Trust me, because I’m speaking from a vast amount of experience here---understanding with your mind is completely worthless unless you also understand with your heart, and it is made even more worthless if in your understanding you don’t even seek to obey what God Himself has revealed to you. What good is hearing if you will not listen? What good is knowing if you will not act? Knowing ABOUT God is absolutely worthless in comparison to knowing God, and being able to know God and have a relationship with Him through faith in Christ is what makes Christianity truly unique among all of the other world religions. I’ve met far too many people on a quest for knowledge who have studied anything and everything and yet never realized that if they call upon the name of the Lord, He will reveal Himself to them. They could not fathom that in their search for evidence for God, God has offered them the best evidence of all---Himself. He is always waiting, always pursuing. And yet so many of us use our studies of even Scripture itself as a way to avoid God. And yet truly, I've learned time and time again through my own failings that the character and presence of God is far greater than any amount of head knowledge you could ever possibly possess. The Psalmist understood this, and though I understood this in my head, I did not believe it in my heart. I deceived myself, as I often do, into believing that something other than God Himself would bring me fulfillment.

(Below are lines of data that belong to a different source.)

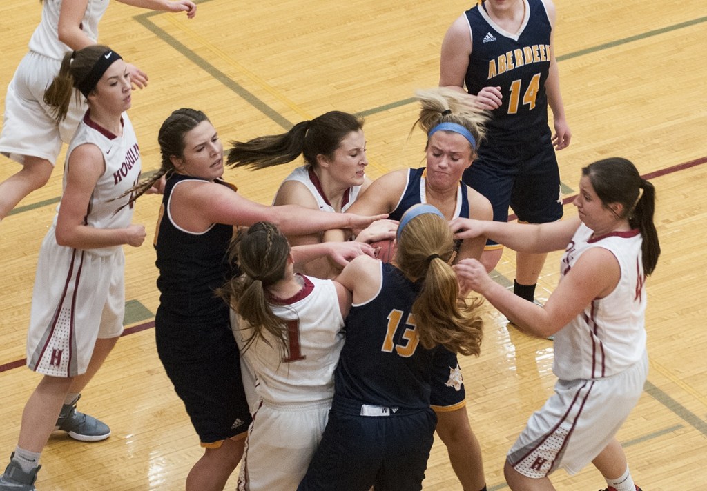 In addition, Hoquiam’s predominantly man-to-man defense gave Aberdeen fits throughout. The Bobcats shot only 19 percent from the field while committing 23 turnovers.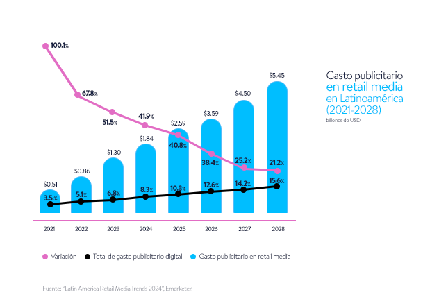 El retail media, la estrategia publicitaria que permite a las marcas anunciarse en tiendas físicas y digitales de retailers, está reconfigurando por completo el mundo de la publicidad y de su inversión publicitaria. Las proyecciones son contundentes, el gasto en retail media en el mundo seguirá aumentando de manera estable, siendo Latinoamérica la región con un crecimiento más acelerado (11.7% de tasa de crecimiento anual compuesta, 2.4 veces más rápida que en otras regiones).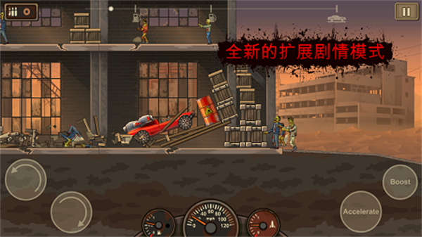 5、你需要不断地击中僵尸,从而使车辆能够走得越来越远,为你带来了更犀利的场景带入感。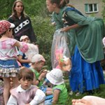 Ребята из Детского дома "Ласточка" вынесли подарки, которые сделали своими руками - рамочки, внутри которых с помощью разноцветных зернышек и круп были нарисованы цветы и деревья. А Мачеха - Настя Шенгелия приготовилась раздавать игрушки. Наступил перерыв, когда все суздальские детдомовцы, студенты Киношколы, Торосовские ребята перемешались, и каждый общался с кем-то. По всей территории можно было увидеть группы детей, которые качались на качелях, кидали шарики, рисовали, показывали свои игрушки, затевали игры. И так, наверное, могло продолжаться еще долго, если бы не нужно было уезжать.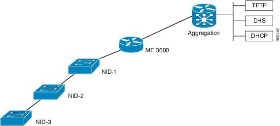 If the network topology involves one or more Cisco ME 1200 NID downstream from the Cisco ME 1200 NID connected to ME 3600 , the following steps are required to ensure ZTP works as expected. In this case, each Cisco ME 1200 NID is connected to the upstream Cisco ME 1200 NID through a point-to-point link.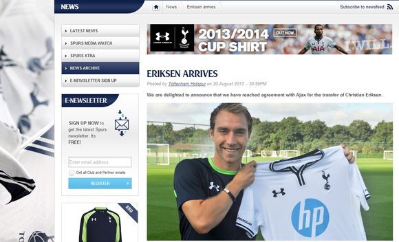 토트넘은 31일(이하 한국시간) 공식 홈페이지를 통해 "아약스로부터 에릭센을 영입했다"고 발표했다. 공격형 미드필더로 지난 2008년 아약스에서 데뷔한 에릭센은 총 161경기에 출전, 33골을 넣으며 팀의 주축으로 활약했다. 또한 덴마크 국가대표팀에서도 맹활약하며 맨체스터 시티 등 유럽 빅클럽들의 관심을 모았던 선수다.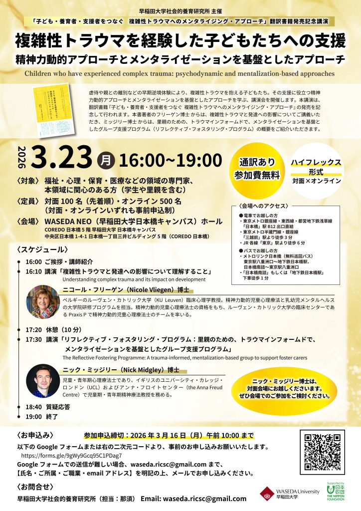 日本財団助成 早稲田大学社会的養育研究所主催 講演会「複雑性トラウマを経験した子どもたちへの支援〜精神力動的アプローチとメンタライゼーションを基盤としたアプローチ」開催のお知らせ

Hebrews 4:12-13 is absolutely true. “For the word of God is living and active. Sharper than any double-edged sword, it penetrates even to dividing soul and spirit, joints and marrow; it judges the thoughts and attitudes of the heart. Nothing in all creation is hidden from God’s sight. Everything is uncovered and laid bare before the eyes of him to whom we must give account.”

God saw the motives of my heart, and yet He answered my prayer anyway, knowing that I too would eventually realize my motives. The power of God’s word never ceases to amaze me. It penetrates my soul, convicts me, and changes me. It is the only literature I have ever read that has such an effect on me, and is evidence of the goodness, power, and active work of God in its ability to do so.